My friend is a professional polo player.
All of his 25 ish are hacked out at the beginning of the season for fittening.
They are all really well mannered and the ones which done't make the grade for high goal are either re-schooled for riding and sold on or sold for lower level  playing.
Just watch for tendon injuries


----------



## crackerjack (28 July 2007)

Good to hear your success story ISH_mad

Doffthederby- I think legs will be a big issue so i'll def pay attention to them

Tiggy- i didn't know they were hacked out, thats good news.


----------



## teapot (28 July 2007)

A friend had a couple - had her son's "previous seasons" ponies, once they weren't upto the job. Seemed pretty versetile, jumped, good for hacking (one was hacked in just a snaffle).

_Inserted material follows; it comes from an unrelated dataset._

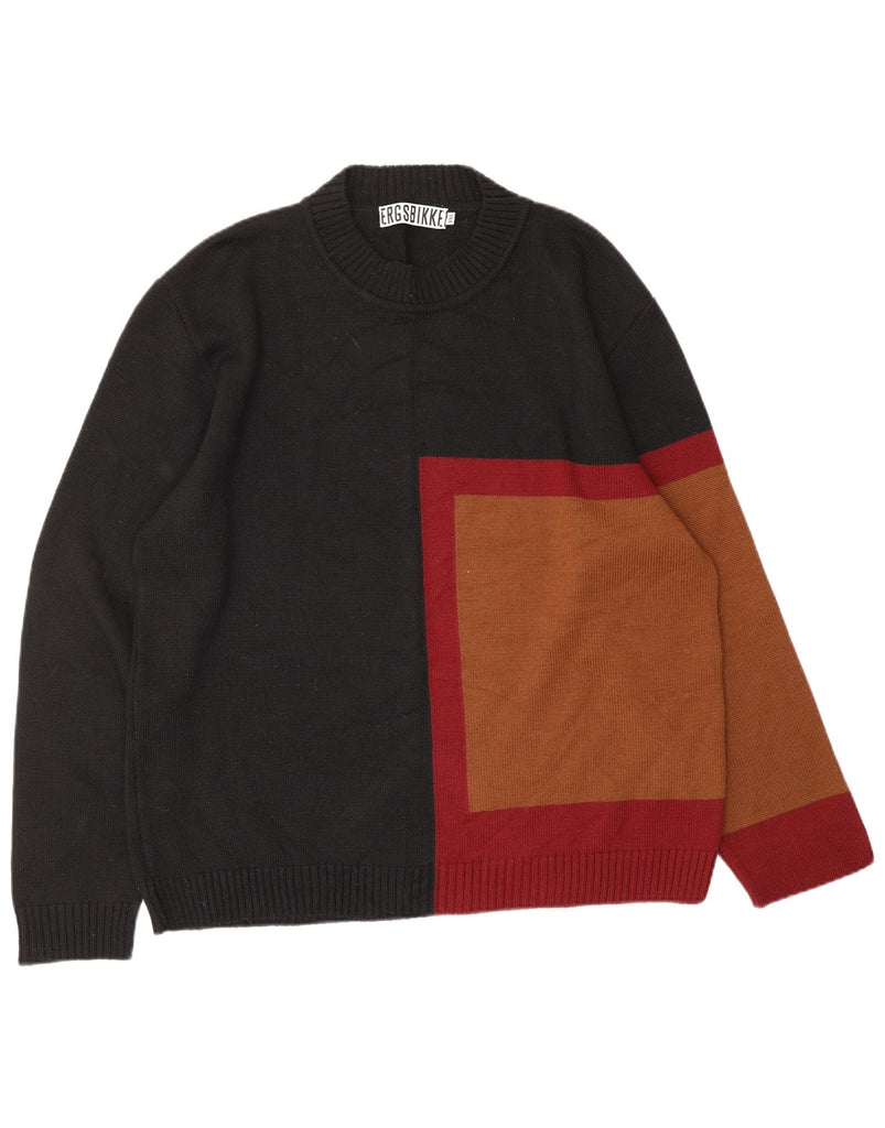 BIKKEMBERGS Mens Crew Neck Jumper Sweater 2XL Black Colourblock Wool

On the ground he was a perfect gentleman - just stood there, didn't need to be tied up for anything


----------



## Neddies (29 July 2007)

My horse of a lifetime was an ex polo pony, she came from the british army. She retired from polo when she was 7 due to injury, i got her two years later. Although she was a feisty chestnut mare nothing fazed her except clippers, she was absolutely terrified of them,  but by the time she died 12 years later, I could clip her without her even being tied up! She excelled at X country and show jumping. She got bone spavin in her hocks when she was about 15  so was only used for light hacking, she then had DJD in her knees and was put to sleep when she was 20. Idread to think where most of the ex polo ponies end.


----------



## PapaFrita (29 July 2007)

My uncle's best horse EVER was an ex-polo pony. He wasn't much to look at and rather small but was soooooooo nimble.
His name was 'Casual' which sort of summed him up (in a good way 
	
	
		
		
	


	




 )


----------



## crackerjack (29 July 2007)

Ah it's so lovely to hear of success stories. I do hope this mare is nice.

PF- love 'casual'


----------



## GTs (30 July 2007)

Ex polo ponies are fantastic, they are very well behaved, very brave, and the concern over injuries/soreness is blown out of proportion on this board. Most polo ponies have 6 months off, and only have 3 months of tough competition - so really overall they do fine.

The reason Vicki has seen that - polo prospects are bought in bulk. 50% will be fairly good, 10% will be top - if they do not make it they just give them away.


----------